A novel cytochrome P450 mono‐oxygenase from Streptomyces platensis resembles activities of human drug metabolizing P450s

• Published in: Biotechnology and bioengineering Vol. 115; no. 9; pp. 2156 - 2166
• Main Authors: Worsch, Anne, Eggimann, Fabian Kurt, Girhard, Marco, Bühler, Clemens J., Tieves, Florian, Czaja, Rico, Vogel, Andreas, Grumaz, Christian, Sohn, Kai, Lütz, Stephan, Kittelmann, Matthias, Urlacher, Vlada B.
• Format: Journal Article
• Language: English
• Published: United States Wiley Subscription Services, Inc 01.09.2018
• Subjects: Amitriptyline; Amodiaquine; biotransformation; Chemical reactions; Cytochrome; Cytochrome P450; Cytochromes P450; drug metabolite; Drugs; E coli; Enzymes; Gene expression; Gene sequencing; Genomes; Isoforms; Lipophilic; Metabolism; Metabolites; Microorganisms; Oxidation; Oxygenase; Pharmaceutical industry; Pharmaceuticals; Pharmacokinetics; Pharmacology; Ritonavir; Streptomyces; Streptomyces platensis; Thioridazine; Toxicity; Xenobiotics; amodiaquine; biotransformation; cytochrome P450; Streptomyces platensis; drug metabolite; ritonavir
• ISSN: 0006-3592; 1097-0290
• DOI: 10.1002/bit.26781

Cytochrome P450 mono‐oxygenases (P450) are versatile enzymes which play essential roles in C‐source assimilation, secondary metabolism, and in degradations of endo‐ and exogenous xenobiotics.

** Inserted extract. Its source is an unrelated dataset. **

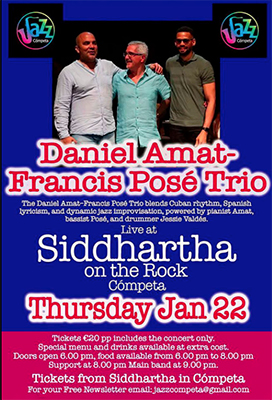 Het optreden begint rond 21.00 uur. Toegangskaarten kosten 20 euro per persoon en zijn in de voorverkoop verkrijgbaar bij de bar. Het Trio bestaat uit de pianist Daniel Amat, de bassist Francis Posé en de drummer Jessie Valdéz.

In humans, several P450 isoforms constitute the largest part of phase I metabolizing enzymes and catalyze oxidation reactions which convert lipophilic xenobiotics, including drugs, to more water soluble species. Recombinant human P450s and microorganisms are applied in the pharmaceutical industry for the synthesis of drug metabolites for pharmacokinetics and toxicity studies. Compared to the membrane‐bound eukaryotic P450s, prokaryotic ones exhibit some advantageous features, such as high stability and generally easier heterologous expression. Here, we describe a novel P450 from Streptomyces platensis DSM 40041 classified as CYP107L that efficiently converts several commercial drugs of various size and properties. This P450 was identified by screening of actinobacterial strains for amodiaquine and ritonavir metabolizing activities, followed by genome sequencing and expression of the annotated S. platensis P450s in Escherichia coli. Performance of CYP107L in biotransformations of amodiaquine, ritonavir, amitriptyline, and thioridazine resembles activities of the main human metabolizing P450s, namely CYPs 3A4, 2C8, 2C19, and 2D6. For application in the pharmaceutical industry, an E. coli whole‐cell biocatalyst expressing CYP107L was developed and evaluated for preparative amodiaquine metabolite production. In the pharmaceutical industry, drug metabolites are not only required for metabolite identification (MetID) but also as analytical reference standards as well as for pharmacokinetics and toxicity studies (DMPK). We identified a new promiscuous cytochrome P450 mono‐oxygenase from Streptomyces platensis, classified as CYP107L, that resembles the activities of the main human drug metabolizing CYPs 3A4, 2D6, 2C9, and 2C19 and developed an efficient Escherichia coli whole‐cell biocatalyst for biotransformations of selected drugs.